I wryly suggested to Mark that maybe we should be renaming our Avenue Gardens the Pine Log Gardens and he quipped that our stumpery is growing. We will follow our practice of clearing paths, removing all the side branches and cleaning up the collateral damage but leaving the body of the trunk where it fell and gardening around it. As more huge trees fall, we  have a stumpery by chance, not design.

 

 

14 thoughts on “Another one bites the dust

  1. Jill Reed

    My condolences for the loss of your large tree, and all that fell beneath it. We experienced many large tree losses during Hurricane Irma, and a walk through the woods is not the same. There is a lot of open sky where once there was tree cover, and I wonder how long it will be before the young saplings and surviving large trees fill in the canopy.

  2. Florian Wolf

    Very sad, Abbie; it’s probably like losing part of the family. On the other hand: plenty of firewood for the cooler periods of our climate change-ridden world. And you could inoculate the fallen logs, stumps etc. with various mushroom spores and turn disaster into delicacy J. Keep a stiff upper lip and happy gardening, Florian (from Magnetic Island, QLD – a PITA for gardeners…)

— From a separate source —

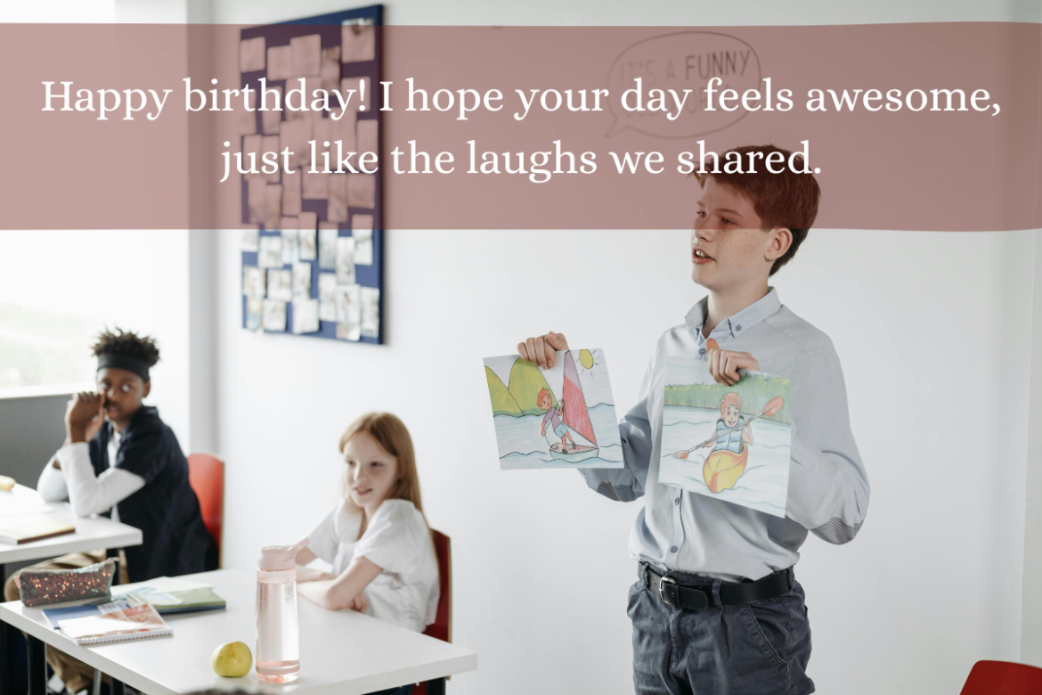 • Happy birthday! I hope your day feels awesome, just like the laughs we shared.

    1. Abbie Jury Post author

      Kind thoughts, Florian! Mark looked at the extent of straight trunk and promptly thought that there were the uprights for the big pergola he has planned. We just need to find somebody with a portable mill.so that may be a positive outcome after all.

  3. tonytomeo

    Those are some old Monterey pines! We expect them to live for only about a century or so. They may survive only half as long in the chaparral climates like that of the Santa Clara Valley. I can not imagine why, but it was a popular tree in the Santa Clara Valley, as well as in Los Angeles a long time ago. I spent much of my internship in the summer of 1988 removing many of them.
    Monterey pine is native to only three colonies. One is just a few miles from here, near the the Santa Cruz and San Mateo County Line. Another is of course in Monterey. The third is in Cambria, near where I went to school. In the 1980s, they were in bad condition, as diseases and pests proliferated. Ironically, the problem was that the groves had not burned in such a long time that their ecology had been disrupted. The aging trees were all very susceptible to the diseases and insects, all at the same time! Over the years, as these old trees eventually died out, and more younger trees regenerated, the diseases and pests reached something of a more ‘normal’ equilibrium.

    1. Abbie Jury Post author

      I like to point out ouf trees out to visiting Californians. They are always impressed. The Monterey cypress – or macrocarpa as we know it – is also widely grown around here though not rated highly. A dendrologist friend commented wryly that all the old man pines and macrocarpa dotted around here would likely have protection orders on them in California.it is believed they were brought here by the gold miners, many of whom travelled from California to Australia and then to NZ.

      1. tonytomeo

        How funny. Gold miners brought the black locust from the East to California during the Gold Rush. I can not imagine why they would have brought such boring trees there.

      2. Abbie Jury Post author

        Pinus radiata is the mainstay of our forestry industry and most of our houses are constructed from it. The macrocarpa could survive on our wild windswept coasts. So they have their place, even if there are more beautiful trees.

      3. tonytomeo

        Yes, they are nice on the coast, but that is probably about it. They seem to need the harsh environment. Without wind to break limbs away every so often, or to keep them low, they get so heavy that they can not support their own weight, and drop big limbs. I really like them because I grew up with them, but I would not plant them into a landscape.

      4. tonytomeo

        Monterey pine seems like an odd choice for timber. There are so many better pines and firs for that. However, I do not doubt that the silviculturists and forests who selected it knew what they were doing.

      5. Abbie Jury Post author

        By the 1870s and 1880s, much of our native forest had been clear felled and milled or burned. And our best native trees tend to be slow growing. A quick answer was needed and they settled on P. radiata.